• _TASK DETAILS_: Transcribe exactly, and only, the lines running from the one with "Aktivität ab |" to the end of the entries below, both included, without any pictures.

── RECORDS TO USE ──

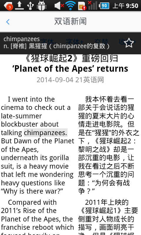 每日双语新闻APP特点:
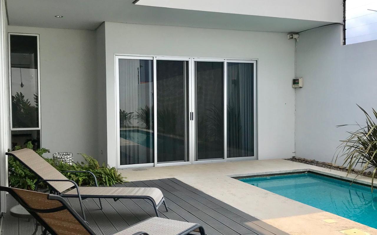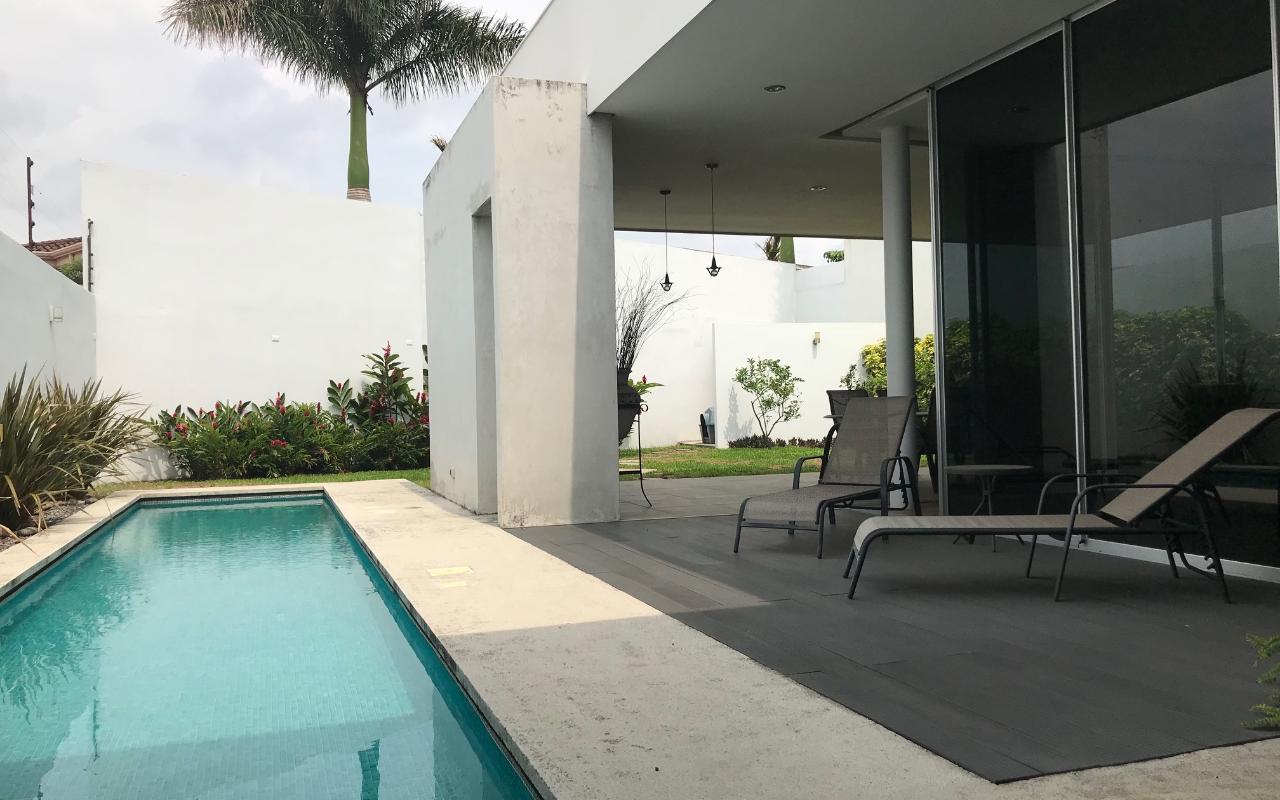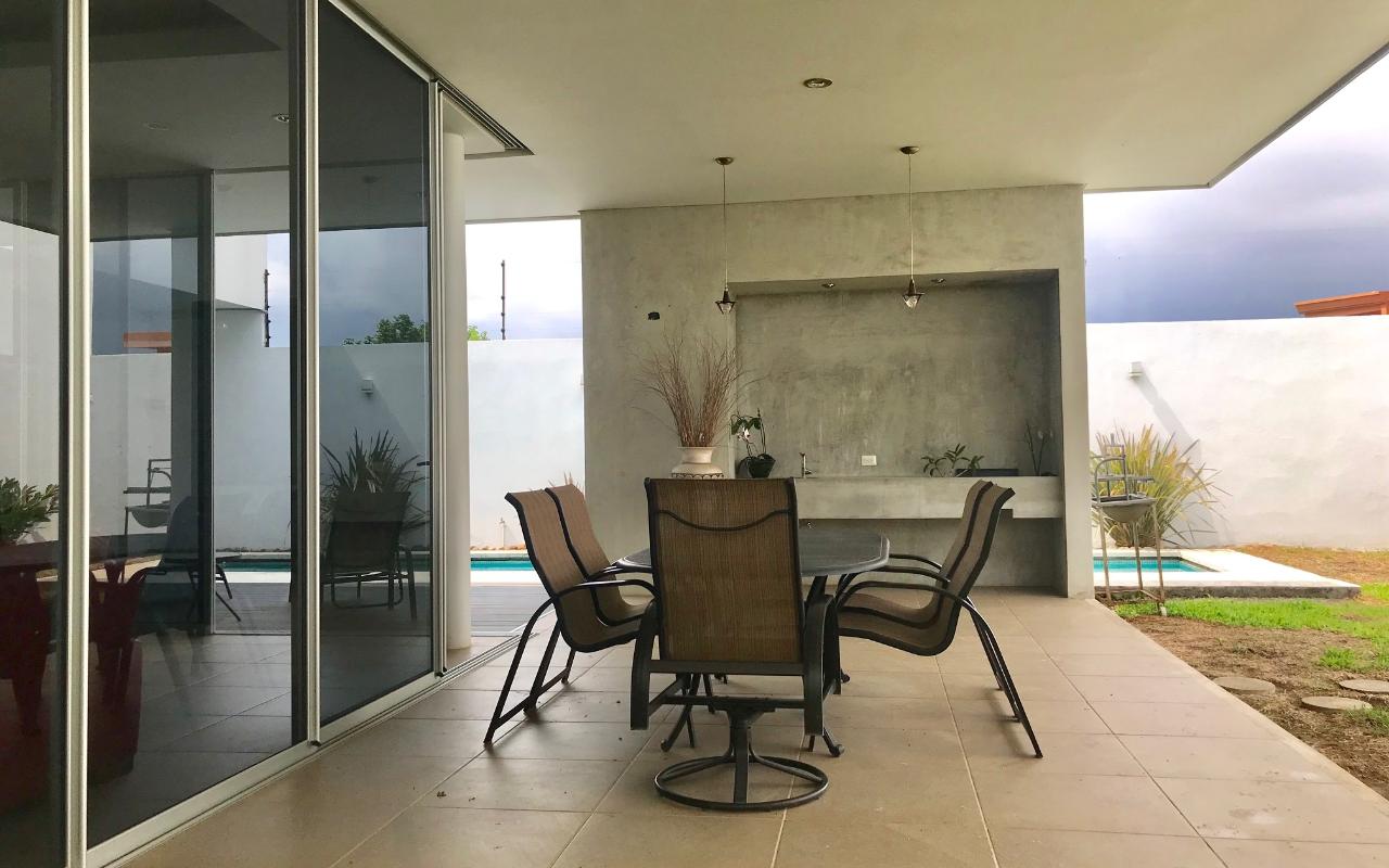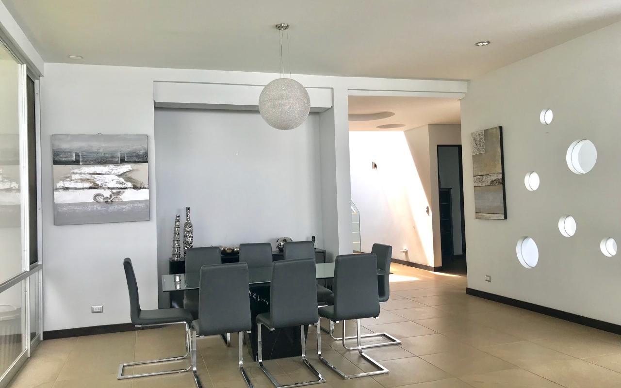 ID# 114536. House with pool for sale in Belén, Bosques de Doña Rosa, 450 sqmt construction, 545 sqmt land, 3 bedrooms, 3.5 baths, US$470.000. Designed by the renowned Colombian architect Juan Lalinde, this two-story residence has a smart functional contemporary open architecture with luxury finishes, and good natural light. Ample social area that connects the indoors with the outdoors spaces, especially the terrace with BBQ area, the wonderful pool and the green area, ideal for entertaining. The kitchen is perfectly equipped with state-of-the-art stainless steel appliances, large center island with breakfast nook and pantry. The master bedroom is also in the first level, and has an en-suite luxury bath. The bedrooms upstairs have balconies. The property also has service room with bath and a large basement that has the garage for 2 vehicles, a bodega and an office with bath that can also be turned into an additional room. The property is located in a charming residential neighborhood within a very good area, close to shopping centers, restaurants, supermarkets, schools, financial entities, entertainment venues, hospitals, etc.
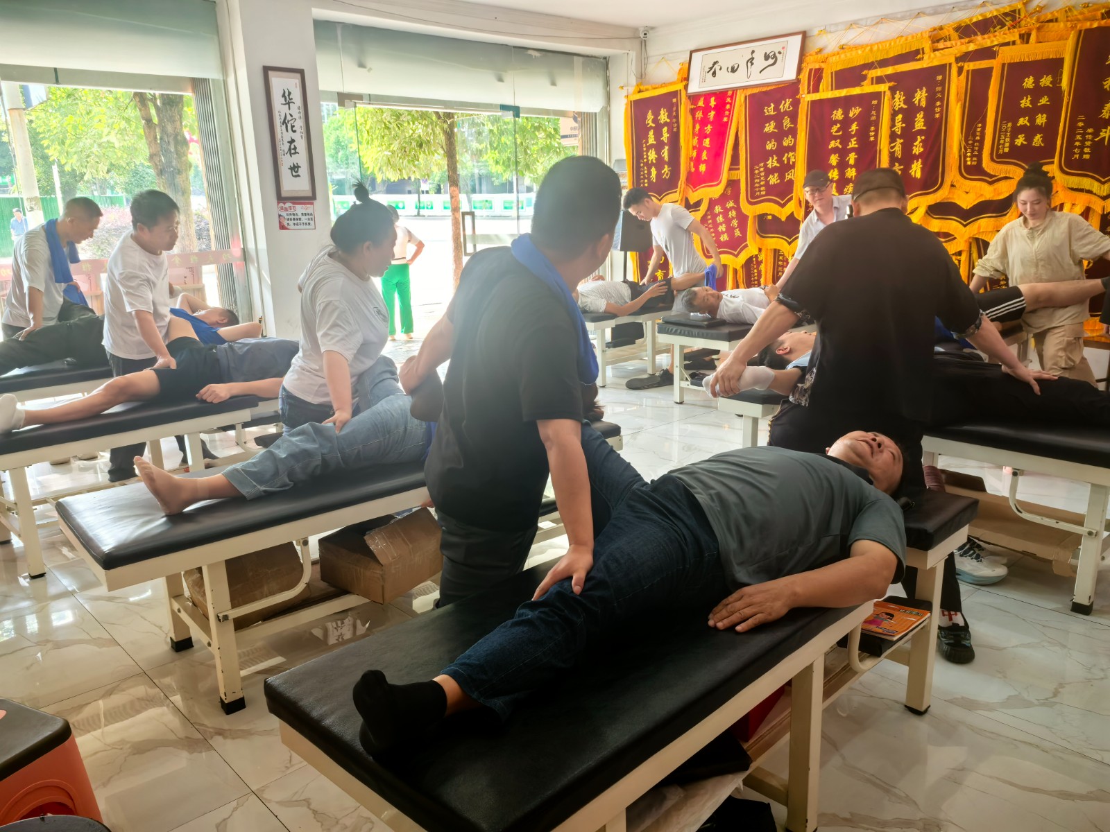 正骨床上,汗水顺着徒弟们的下颌线滴落,砸在裤上晕开深色的印记。有人手肘磨出了红痕,有人掌心的茧子又厚了一层,但没人停下练习的手。因为他们知道,这酸痛里藏着明天的底气——是老家父母期盼的安稳,是孩子书包里的新课本,更是那些被疼痛困住的人眼里的光。
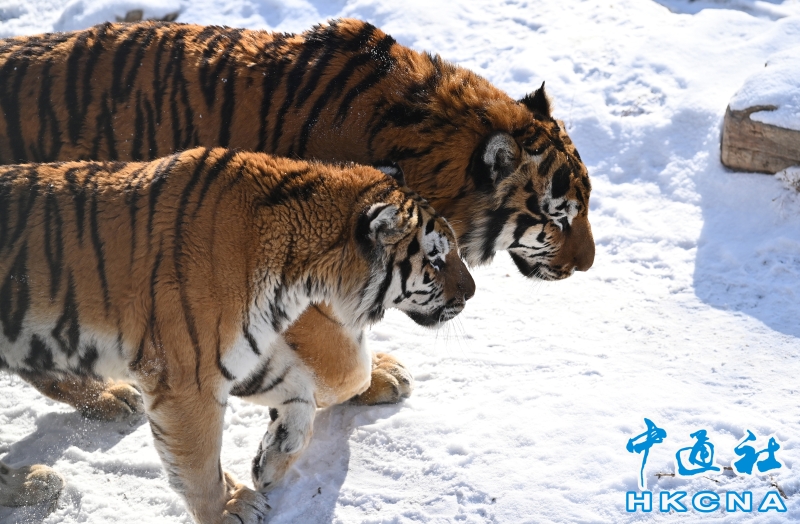 •   2月2日,在長春動植物園內,東北虎在雪地裡親昵同行,展現出“叢林之王”可愛的一面。 香港中通社圖片
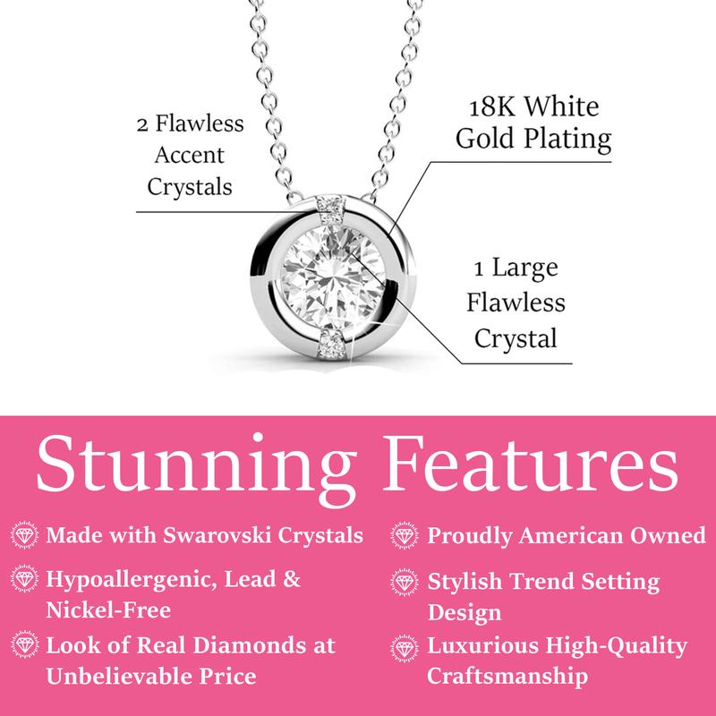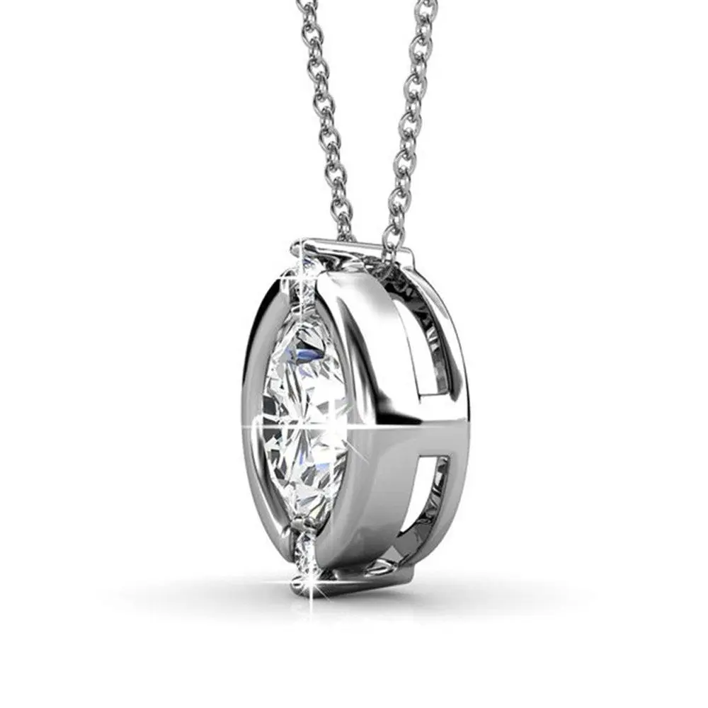 Zara 18k White Gold Plated Pendant Necklace with Round Cut Simulated Diamond Crystals
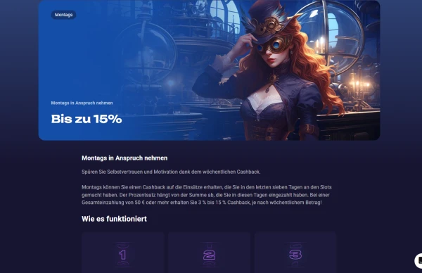 | Wöchentlicher Cashback | 3% bis 15% Cashback auf wöchentliche Slot-Verluste | Gilt für Slots; Prozentsatz hängt von Level und Aktivität ab |
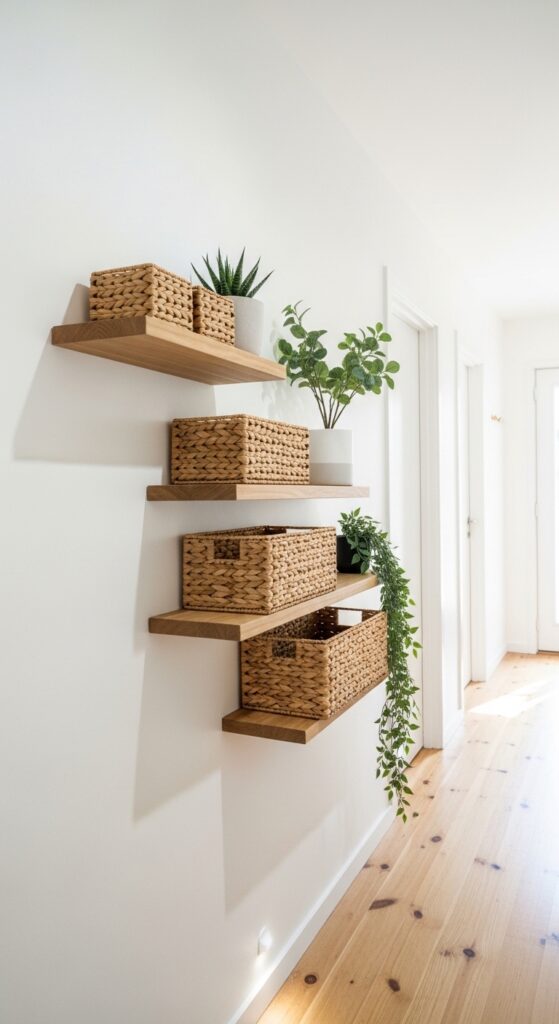 When floor space is limited, go vertical. Floating shelves mounted high on the wall free up the floor completely and give you room to display baskets, books, or decorative boxes. Stagger them at different heights for visual interest. This works especially well in hallways that feel boxy or too short.

───

• _WRITTEN SOLUTION_:
 | Wöchentlicher Cashback | 3% bis 15% Cashback auf wöchentliche Slot-Verluste | Gilt für Slots; Prozentsatz hängt von Level und Aktivität ab |
 When floor space is limited, go vertical. Floating shelves mounted high on the wall free up the floor completely and give you room to display baskets, books, or decorative boxes. Stagger them at different heights for visual interest. This works especially well in hallways that feel boxy or too short.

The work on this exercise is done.